WHAT YOU SHOULD DO:
Leave out the pictures, and retype the remaining data exactly.

GIVEN MATERIAL:
____________________

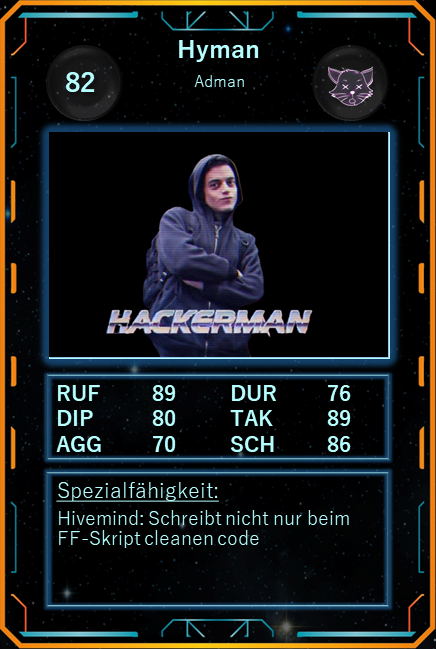 „Bei der Macht des Servers — ich habe den Code!“ - hallte es durch die Universen In den Weiten des Pr0game lebt auf dem Planeten Hy-Definition Prynz Adman. Tagsüber wirkt er wie ein gewöhnlicher Operator, ruhig und ordnend in den Datenströmen. Doch wenn die Systeme in Dunkelheit versinken, zeigt sich seine wahre Identität: @Hyman/Adman Mit der Macht des FF-Scripts und dem Wissen des Servers wird er zum stillen Wächter der Galaxie — dem Meister des Codes, der Flotten lenkt und das Universum vor dem Chaos schützt. Wenn Lag und Bugs die Welten bedrohen, steht Hyman bereit. Kein Fehler ist zu groß, kein Bot zu heimtückisch. Zwischen Bytes und Planeten kämpft er gegen Inaktivität, Spambots und Abstürze. Denn wo andere nur klicken, codet Hyman — und so lebt seine Legende weiter, im endlosen Kampf um Ressourcen, Ruhm und Stabilität. |
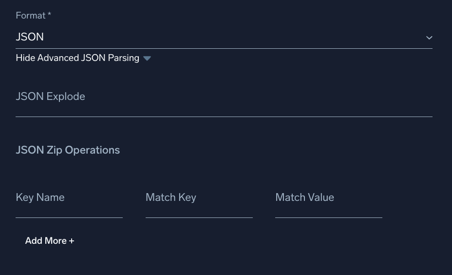 If you would like to manipulate the JSON data before it’s flattened and parsed, expand the Advanced JSON Parsing section of the popup.
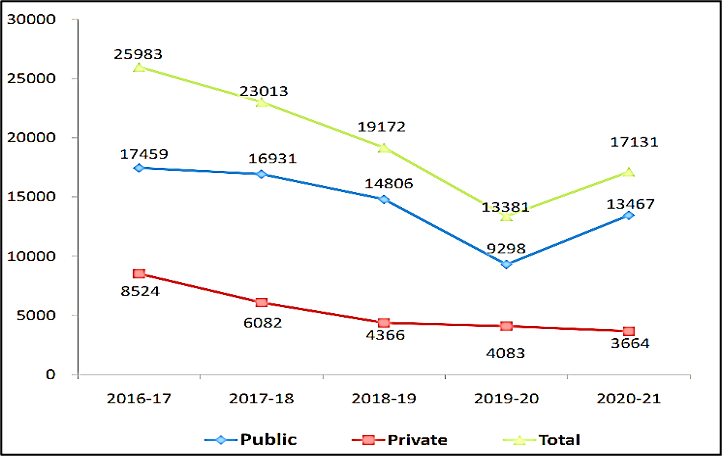 Despite these comprehensive and forward-looking initiatives which demonstrate the Government’s commitment to creating a conducive environment for shipbuilding growth, the industry, as a whole, so far has not been able to fully capitalize on these initiatives. As of March 2023, reports [[22]] indicate that out of the substantial Rs. 4000 Cr corpus allocated for the Shipbuilding Financial Assistance Package, only a few Shipyards have been able to effectively leverage the subsidy, amounting to a mere Rs. 261 Cr. Looking back at the shipbuilding manufacturing discussed earlier, it becomes glaringly apparent that this predicament arises from the Shipbuilding Industry’s inability to attract large-scale commercial orders involving high DWT vessels (with the closure of high-capacity private shipyards, currently private shipbuilding is confined to small vessels), despite the support from Government and presence of domestic demand for ships.

____________________

REPLY:
 „Bei der Macht des Servers — ich habe den Code!“ - hallte es durch die Universen In den Weiten des Pr0game lebt auf dem Planeten Hy-Definition Prynz Adman. Tagsüber wirkt er wie ein gewöhnlicher Operator, ruhig und ordnend in den Datenströmen. Doch wenn die Systeme in Dunkelheit versinken, zeigt sich seine wahre Identität: @Hyman/Adman Mit der Macht des FF-Scripts und dem Wissen des Servers wird er zum stillen Wächter der Galaxie — dem Meister des Codes, der Flotten lenkt und das Universum vor dem Chaos schützt. Wenn Lag und Bugs die Welten bedrohen, steht Hyman bereit. Kein Fehler ist zu groß, kein Bot zu heimtückisch. Zwischen Bytes und Planeten kämpft er gegen Inaktivität, Spambots und Abstürze. Denn wo andere nur klicken, codet Hyman — und so lebt seine Legende weiter, im endlosen Kampf um Ressourcen, Ruhm und Stabilität. |
 If you would like to manipulate the JSON data before it’s flattened and parsed, expand the Advanced JSON Parsing section of the popup.
 Despite these comprehensive and forward-looking initiatives which demonstrate the Government’s commitment to creating a conducive environment for shipbuilding growth, the industry, as a whole, so far has not been able to fully capitalize on these initiatives. As of March 2023, reports [[22]] indicate that out of the substantial Rs. 4000 Cr corpus allocated for the Shipbuilding Financial Assistance Package, only a few Shipyards have been able to effectively leverage the subsidy, amounting to a mere Rs. 261 Cr. Looking back at the shipbuilding manufacturing discussed earlier, it becomes glaringly apparent that this predicament arises from the Shipbuilding Industry’s inability to attract large-scale commercial orders involving high DWT vessels (with the closure of high-capacity private shipyards, currently private shipbuilding is confined to small vessels), despite the support from Government and presence of domestic demand for ships.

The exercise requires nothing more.